Harry rummaged in his jacket pocket and put his phone to his ear.
“Yes?”
“Bjørn Holm here.”
“I can see that.”
“Christ. Didn’t think you would have bothered to set up a contact list.”
“I have. You should feel honored. You’re one of the four names in it.”
“What’s the racket in the background? Where are you, actually?”
“Gamblers cheering because they think they’re going to win. I’m at a horse race.”
> “What?”
“Bombay Garden.”
“Isn’t that a … Did they let you in?”
“I’m a member. What do you want?”
“Jesus, Harry, are you gambling on horses? Didn’t you learn anything in Hong Kong?”
“Relax—I’m here checking up on Aslak Krongli. According to his office he was on police business in Oslo when both Charlotte and Borgny were killed. Not that unusual, actually, because it turns out he’s quite often in Oslo. And I’ve just discovered the reason.”
“Bombay Garden?”
“Yup. Aslak Krongli has a not-insubstantial gambling problem. Thing is, I’ve checked his credit card payments on the computer here. Time of payment and everything. Krongli has used his card a lot, and the times give him an alibi. Unfortunately.”

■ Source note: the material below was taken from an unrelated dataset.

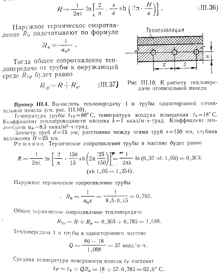 ТЕПЛОВОЙ РАСЧЕТ ЭЛЕМЕНТА БЕТОННОЙ ОТОПИТЕЛЬНОЙ ПАНЕЛИСопротивление теплопередачи бетонной панели тр относят к 1 м трубы, расположенному в ряду труб. Сопротивление при этом-1 зависит от диаметра труб d, расстояния между ними s, глубины расположения от поверхности Я, коэффициента теплопроводности массива, а также от того, как отдает панель тепло с одной или с двух сторон. Термическое сопротивление трубы в массиве (при отводе тепла с одной стороны, рис. III.10) определяют по уравнению ![]() На практике получил распространение расчет бетонных отопительных панелей по составленным на основании экспериментальных данных номограммам и графикам. Зная тепловую нагрузку, температуру теплоносителя и воздуха помещения, выявляют размеры бетонной панели, нагреваемой трубами определенного диаметра с определенным шагом между их осями. Пользуются также графиками для определения теплоотдачи 1 м длины в зависимости от разности расчетных температур и определенных конструктивных параметров размещения в греющей панели змеевиков труб и т. д, Дроздов В. Ф. Отопление и вентиляция. Отопление. Учебник для строит, вузов. М., «Высш. школа», 1976 |

“I see. And they’ve got the computer in the same room as the race-course?”
“Eh? They’re in the final stretch now—you’ll have to talk louder!”
“They’ve … Forget it. I’m calling to say we’ve got semen off the ski pants that Adele Vetlesen was wearing at Håvass.”
“What? You’re kidding! That means—”
“We may soon have the DNA of the eighth guest. If it’s his semen. And the only way we can be sure is by excluding the other men at Håvass.”
“We need their DNA.”
“Yes,” said Bjørn Holm. “Elias Skog’s fine, of course—we’ve got his DNA. Not so good with Tony Leike. We’d have found it at his house, no problem, but for that we need a warrant. And after what happened last time it’s gonna be really tough.”
“Leave it to me,” Harry said. “We should also have Krongli’s DNA profile. Even though he didn’t kill either Charlotte or Borgny, he may have raped Adele.”
“OK. How do we get it?”
“As a policeman he must have been at a crime scene at some point or other,” Harry said. It was unnecessary to conclude his reasoning. Bjørn Holm knew where he was going with it. To avoid confusion and identity mistakes, fingerprints and DNA were routinely taken from all officers who had been present at a crime scene and had potentially contaminated it.